Archive for 8 October 2008
Monetary Policy and the Housing Crisis
| Dick Langlois |
I know I’m swimming over my head in macro-infested waters, but I thought I would think out loud some more about the housing mess. In my previous post on the subject (and comments), I posed the question whether a politically influenced (exogenous) lowering of credit standards was more of a culprit than monetary policy (or other macro forces) in causing the housing bubble and subsequent collapse. So I looked at an NBER Working Paper by John Taylor at Stanford that’s been out for a few months. Taylor argues that it was indeed Fed policy that caused the run-up in housing prices. He rejects the alternative possibilities (A) that most of the liquidity fueling the boom was money rushing in to the U.S. from overseas or (B) that it was the increased liquidity that came from securitization and financial innovation. Most interestingly, he argues — as have others, though I can’t find a good reference — that a large part of the reduction in lending standards was endogenous. Foreclosure risk was (is) anticorrelated with an increase in housing prices; so in the run-up, risk of foreclosure was actually declining ceteris paribus. Partly because of the complex and often impenetrable structure of housing finance, lenders took these foreclosure rates as stable in the long term. Moreover, as others have pointed out, lenders were concerned less with default in the run-up than with the risk of early repayment as people refinanced the equity out of their houses (or sold quickly for speculation, as Liebowitz says). All of this meant that lenders considered it optimal to lower credit standards.

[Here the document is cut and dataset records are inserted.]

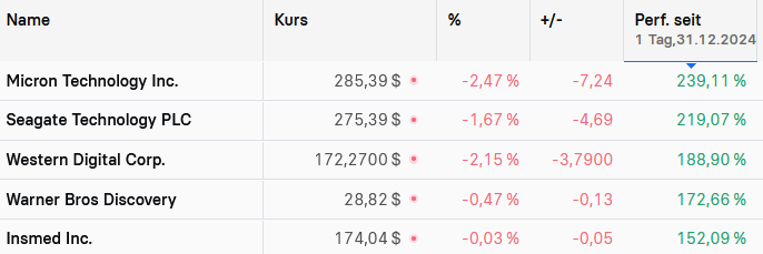 Schaut man auf den Nasdaq 100, fällt es leicht, zu identifizieren, was das Thema 2025 war. KI, klar, aber vor allen Dingen auch Speicher. Micron ließ mit einem Plus von 239 % andere Speicherpowerhäuser wie Seagate und Western Digital hinter sich. Micron ist einer von nur drei Playern im wichtigen HBM-Markt: eine Speichertechnologie, die vorrangig bei KI-Beschleunigern verwendet wird. Die gesamte Peergroup (SK Hynix, Samsung Electronics, Micron) hat sich im vergangenen Jahr exzellent entwickelt. Dazu kam im zweiten Halbjahr eine regelrechte Preisexplosion bei DRAM-Speicher. Privatanleger, die sich einen neuen PC anschaffen woll(t)en, werden ein Lied davon singen können.
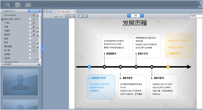 由神州雲動主辦的“第六期 CloudCC CRM 免費在線座談會” 8月2日在全時網絡會議(quanshihuiyi.com)舉辦,獲巨大成功,本次會議共邀請到全國30多家各行業的朋友參加。顧問的精彩演講演示與各位與會者的積極互動,把會議推向高潮。這裏特別感謝全時在線會議的支持。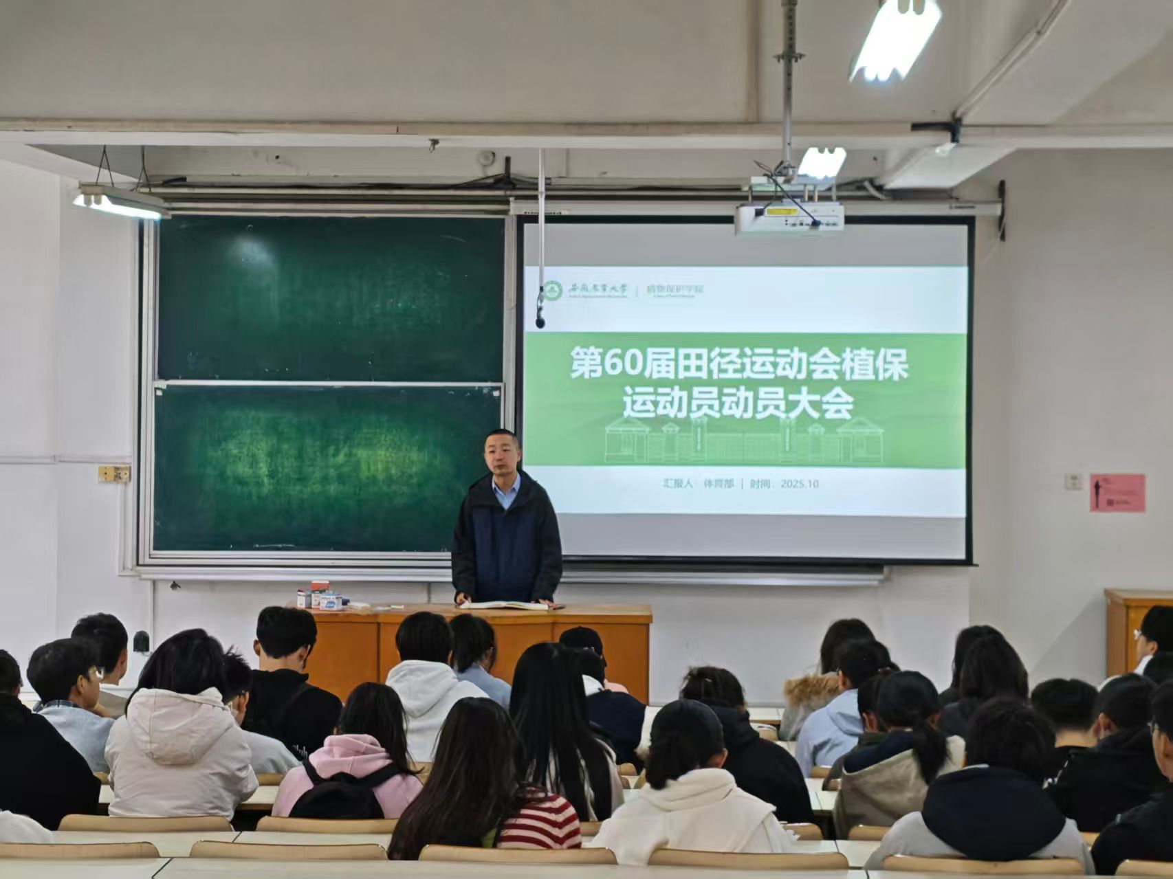 本网讯 10月21日中午,植物保护学院在勤学楼103教室召开校第60届田径运动会培训暨动员大会。院党委副书记郭振宇作动员讲话,院团委负责老师、学生分会相关负责人以及全体运动员参加会议。

This story strikes me as having a Hayekian flavor to it, though I don’t know if Peter and his commentators would agree. It also has something of Leijonhufvud about it, as Taylor’s main message is that the Great Moderation was a matter of the Fed sticking to the program — staying within the “corridor” — and not deviating as it did in 2003-2006, presumably in an effort to stimulate the economy after the Internet crash. The deviation of 2003-06 was “comparable to the turbulent 1970s.”
ESNIE School on NIE Archives
| Nicolai Foss |
The European Society for New Institutional Economics, the semi-formal Euro branch of ISNIE, runs a yearly School on New Institutional Economics, usually taking place on Corsica. Organized by Eric Brousseau, the School has now run for seven consecutive years. The line-up is impressive, including Oliver Williamson, Sid Winter, Avinash Dixit, Doug North, Giovanni Dosi, Dick Langlois, Joanne Oxley, Jackson Nickerson, Lee Alston and many other luminaries. The great thing is that the PPTs of their talks are online (here)! Enjoy.